BioMarin is the world leader in delivering therapeutics that provide meaningful advances to patients who live with serious and life-threatening rare genetic diseases. We target diseases that lack effective therapies and affect relatively small numbers of patients, many of whom are children. These conditions are often inherited, difficult to diagnose, progressively debilitating and have few, if any, treatment options. BioMarin will continue to focus on advancing therapies that are the first or best of their kind.
BioMarin’s Research & Development group is responsible for everything from research and discovery to post-market clinical development. Research & Development involves all bench and clinical research and the associated groups that support those endeavors. Our teams work on developing first-in-class and best-in-class therapeutics that provide meaningful advances to patients who live with rare diseases. Come join our team and make a meaningful impact on patients’ lives.
Support the Global Regulatory Policy Team in the following regulatory policy activities:
* Review and inform on recently published global regulatory legislation and policies impacting development of treatments for rare diseases.
* Provide project management support to the policy team in generation of comments on draft guidances;
* Track Team memberships and involvement in policy trade associations and organizations
* Actively monitor and track policy meetings, track policy team activities and reports, track relevant policies and regulations.
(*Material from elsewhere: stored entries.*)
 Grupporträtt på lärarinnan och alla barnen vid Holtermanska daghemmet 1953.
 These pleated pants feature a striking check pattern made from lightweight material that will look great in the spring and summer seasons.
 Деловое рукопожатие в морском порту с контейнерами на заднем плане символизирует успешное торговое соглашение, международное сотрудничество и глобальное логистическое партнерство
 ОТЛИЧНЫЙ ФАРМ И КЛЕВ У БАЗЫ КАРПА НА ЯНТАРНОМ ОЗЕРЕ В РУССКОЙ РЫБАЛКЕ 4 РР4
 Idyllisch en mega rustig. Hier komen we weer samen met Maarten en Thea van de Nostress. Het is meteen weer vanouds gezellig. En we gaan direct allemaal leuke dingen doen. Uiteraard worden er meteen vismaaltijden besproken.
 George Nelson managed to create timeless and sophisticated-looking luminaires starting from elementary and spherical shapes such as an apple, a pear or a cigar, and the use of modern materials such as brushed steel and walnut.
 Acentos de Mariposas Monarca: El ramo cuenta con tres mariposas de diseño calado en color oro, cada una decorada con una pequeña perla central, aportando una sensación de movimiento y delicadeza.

* Lead certain policy cross-functional meetings including minutes and action items
* Provide strategic logistical support for managing policy calendars and deliverables.
* Develop and manage internal policy publications.
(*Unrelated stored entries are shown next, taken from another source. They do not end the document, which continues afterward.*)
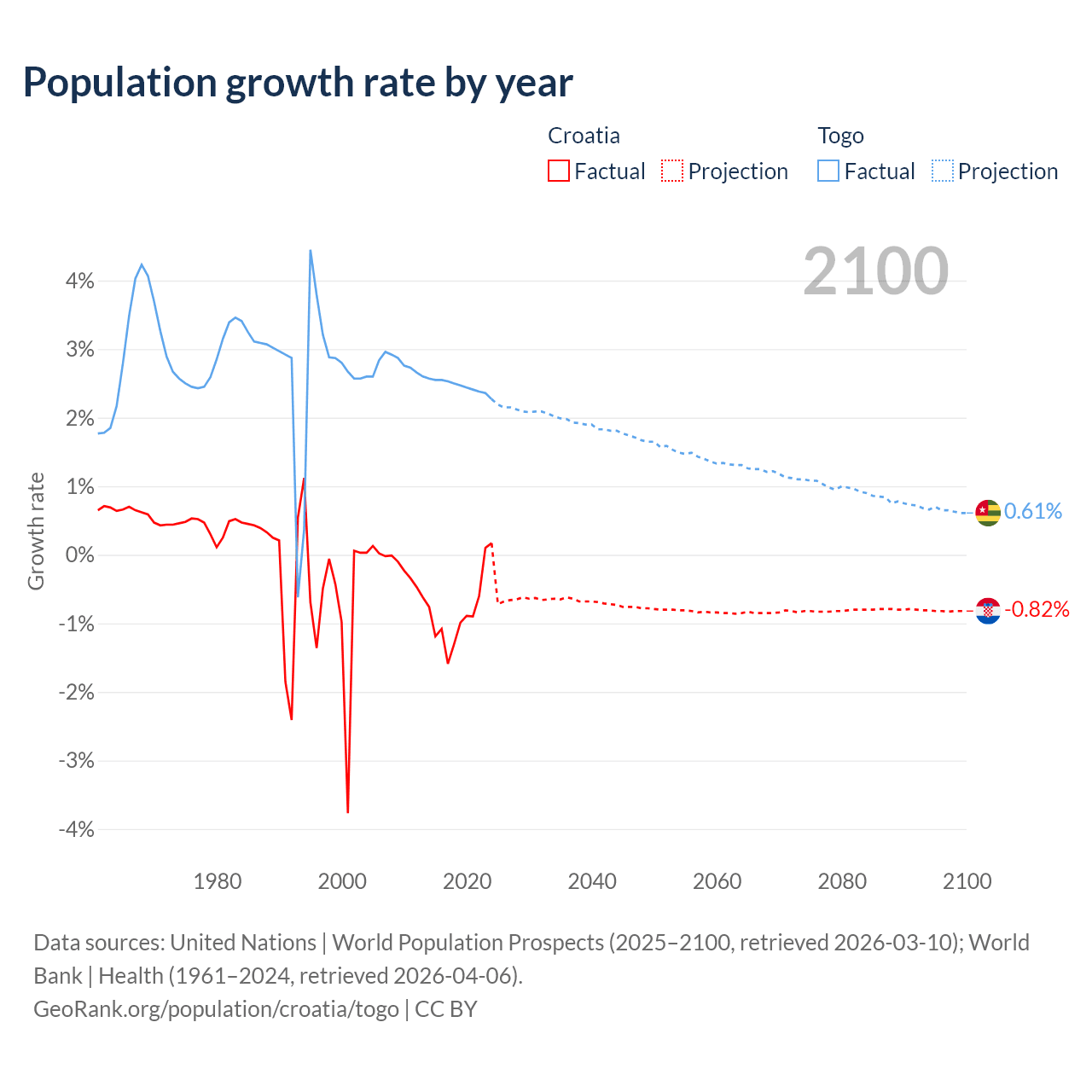 - For the last 10 years, Croatia has had an average growth rate of -0.82% per year vs +2.46% in Togo.
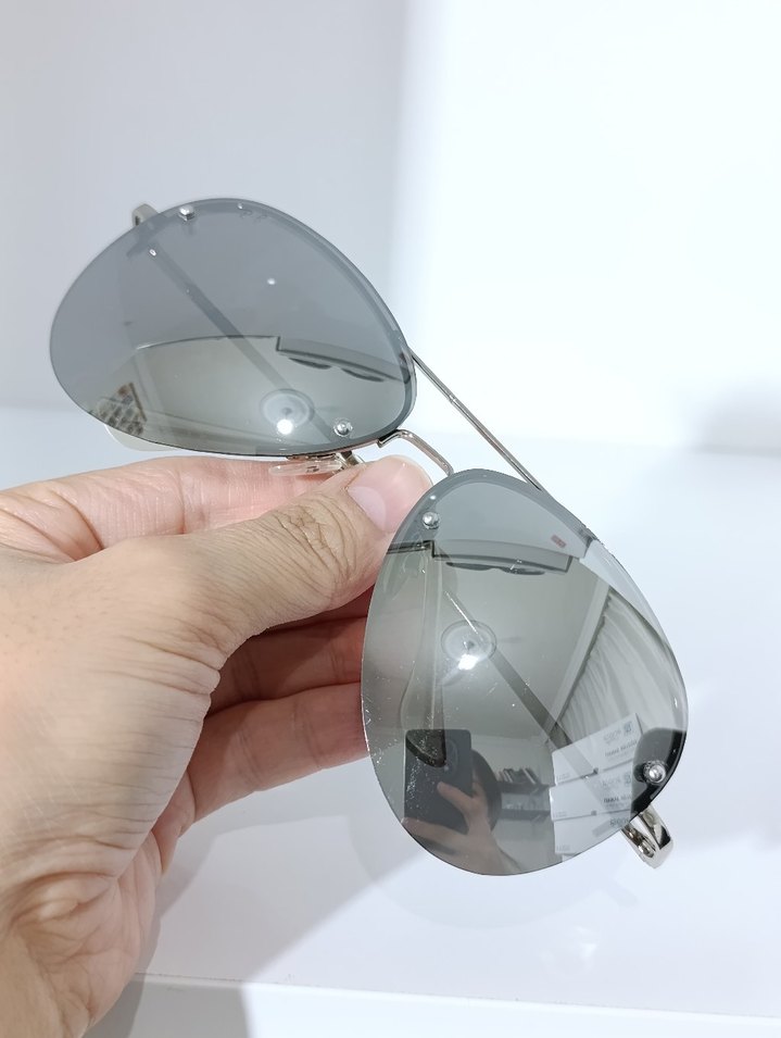 Kadınlar için şeffaf gri camlı, minimalist ve çağdaş tasarıma sahip sade güneş gözlüğü. ️
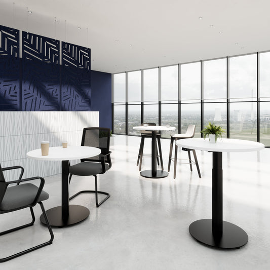 With its 1 meter diameter, the table offers you Sufficient space for up to 4 people. With the modern meeting table from the series OPTIMA you can realize your meetings stylishly. It fits every interior design - but does anything but inconspicuous.
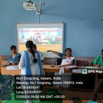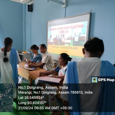 Election resultsSeptember 25, 2024Innaugural certificate course on Basic Computer Application,organized by Marangi Mahavidyalaya.24th Setember 2024.September 25, 2024 Students Union Election 2024-25 Share Related postsApril 4, 2025Group Discussion of the 2nd Semester minor and 4th semester minor , department of Education on 4.4.25Read moreApril 3, 2025The NSS unit of Marangi Mahavidyalaya Organised an art competition for the students of Gidi Basti LP School. This event was likely part of the NSS community outreach and engagement initiatives, aimed at promoting creativity and self-expression among local school children.Read moreApril 2, 2025NSS Special camp -2025 Day 2 : plantation program Venue: Gidi Basti LP SchoolRead more
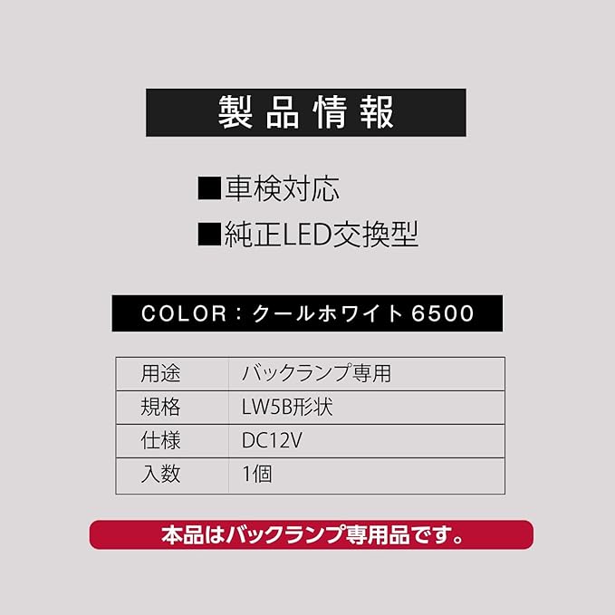 バックランプ専用、純正LED交換型!
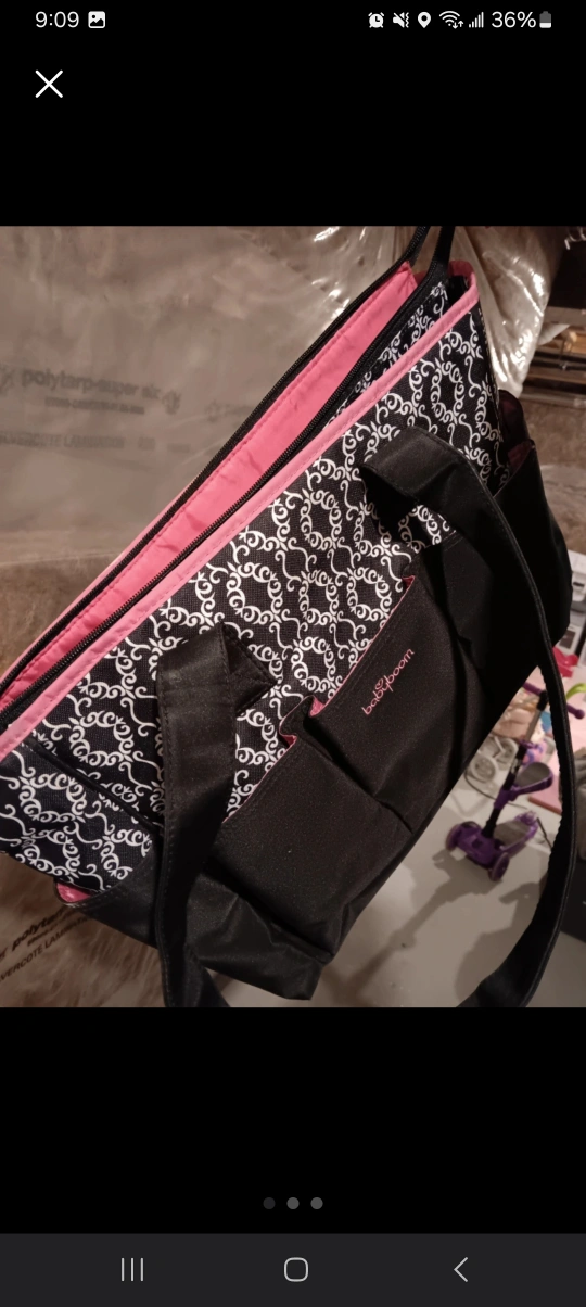 Black and white patterned diaper bag. Pink accents. Multiple pockets. Shoulder strap.
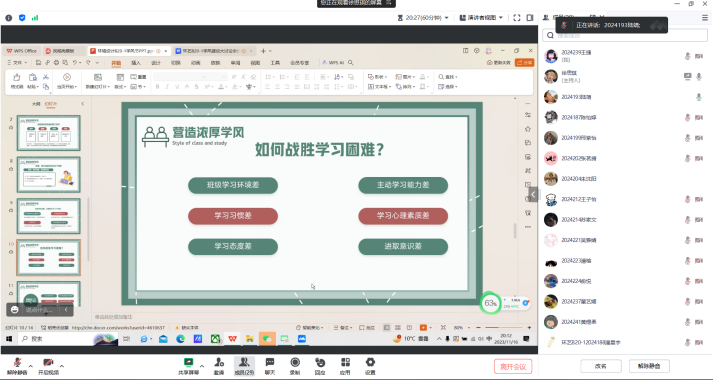 为深入学习习近平新时代中国特色社会主义思想和党的二十大精神,坚持“以生为本”,深化我校优良学风长效机制,全面提高人才培养质量,激发学生内在学习动力,进一步弘扬学院的优良学风,培养学生良好的学习习惯,营造浓厚的学习氛围,学院围绕“战胜学习困难”开展主题班会。

* Develop and manage dashboards for policy team initiatives
* Develop, track and manage regulatory conferences and inform internal stakeholders of such conferences.
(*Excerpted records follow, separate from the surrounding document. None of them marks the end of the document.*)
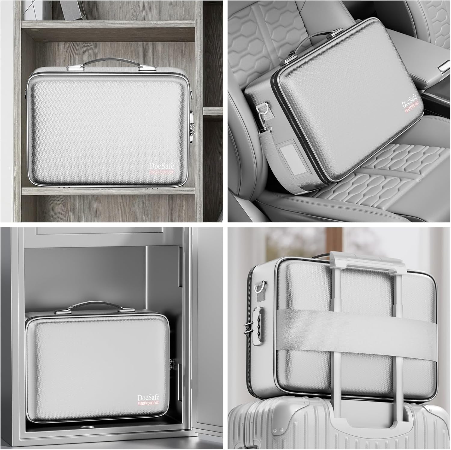 - Fireproof Box with Lock: Protect your valuables with the built-in high-quality combination lock (No keys required). Design with a strong handleοΌa detachable shoulder strap for carrying everything you needed easily. The fireproof box is suitable for business, travel, office, school, home storage, of course, giving it as a gift to your family is also a good choice. Fireproof box is both fireproof and water-resistant, ensuring your documents stay protected during fires, floods, or wet weather
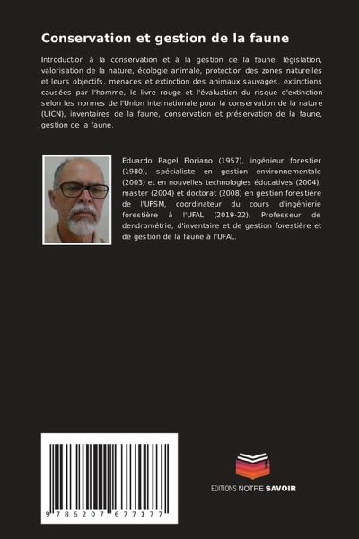 Introduction à la conservation et à la gestion de la faune, législation, valorisation de la nature, écologie animale, protection des zones naturelles et leurs objectifs, menaces et extinction des animaux sauvages, extinctions causées par l'homme, le livre rouge et l'évaluation du risque d'extinction selon les normes de l'Union internationale pour la conservation de la nature (UICN), inventaires de la faune, conservation et préservation de la faune, gestion de la faune.
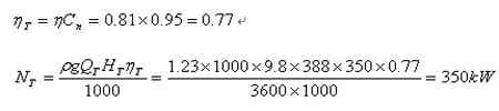 4)按上述已知泵的流量、扬程(单级)和转速,即可选取一台最佳效率的泵。在本例中,选用的泵是两级,叶轮直径315mm,效率为81%。此泵用作水力透平时产生的轴功率NT计算如下:

* Manage global policy deliverables, workload tracking, policy tracker, and SharePoint archival system.
* Experience in a regulated biotechnology or pharmaceutical environment; 1 year in Regulatory Affairs and/or policy
* Strong verbal and written communication skills
* Strong project management skills
* Proficient with computer and standard software programs
* Organizational skills
* Communication skills, excellent verbal, written and presentation skills
* Very strong attention-to-detail
5 + Years of Experience
Bachelors or Masters Degree in biology or other life sciences discipline
We are an equal opportunity employer and all qualified applicants will receive consideration for employment without regard to race, color, religion, sex, national origin, disability status, protected veteran status, or any other characteristic protected by law.